Hi All,
I don't know whether other people mentioned or not. There is another
workaround for the previous version of glite-info-update-endpoints on
CentOS 7, i.e., changing 'verify' to 'disabled' for https in
/etc/python/cert-verification.cfg.
Cheers,
Di
On 2018-11-26 9:09 a.m., Baptiste Grenier wrote:
> Hi all,
> So with the latest version of the glite-info-update-endpoints it should
> work for both CentOS 6 and CentOS 7, you can find updated code and
> packages here:
> https://github.com/EGI-Foundation/glite-info-update-endpoints/releases/tag/3.0.0 but
> as reported by Vincenzo it is being pushed to UMD.
>
> For CentOS 6 the certificate is never validated, and for CentOS 7 the
> cert is only validated if capath or cafile are set in the conf file. And
> in this case it's required to have the IGTF CA installed. See
> https://github.com/EGI-Foundation/glite-info-update-endpoints/blob/master/bin/glite-info-update-endpoints#L111-L126
>
> Was the GOCDB really accessible over http without any redirection, or is
> just that before the cert validation was transparently by-passed?
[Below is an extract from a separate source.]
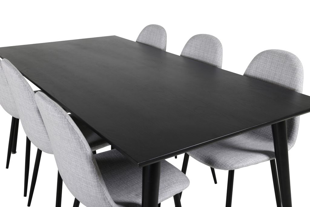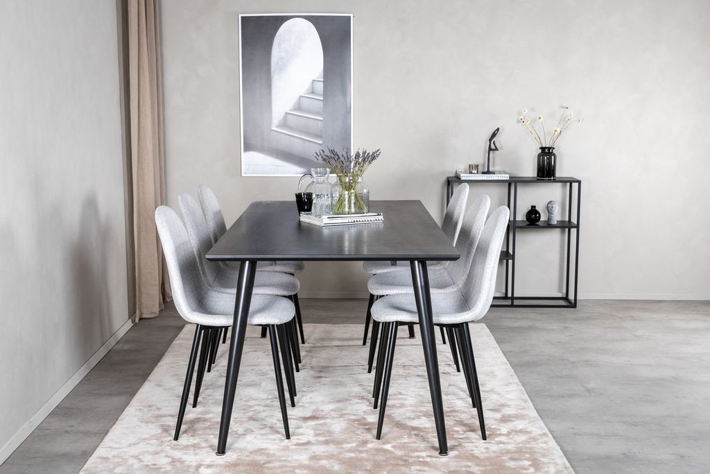 Venture Home Dipp & Polar Rektangulärt Matbord 180 x 90 Svart + 6 st Matstolar Grå

> I was under the impression that https was an old requirement for the GOCDB.
>
> Cheers,
> Baptiste
>
> On Mon, 26 Nov 2018 at 17:33 Cyril L'ORPHELIN
> <[log in to unmask] <mailto:[log in to unmask]>> wrote:
>
> Hi all
>
> I've notified this problem in February 2018 to EGI Operations.
> The latest version of Top Bdii is using a more recent version of
> Python than the previous version .
> This version is less permissive and doesn't authorize the connection
> to GOC DB .
>
> Cheers,
>
> --
> Cyril L'Orphelin
> IN2P3/CNRS Computing Centre
> Phone : +33 4 72 69 52 50 <tel:04%2072%2069%2052%2050>
>
> ------------------------------------------------------------------------
> *De: *"Maarten Litmaath" <[log in to unmask]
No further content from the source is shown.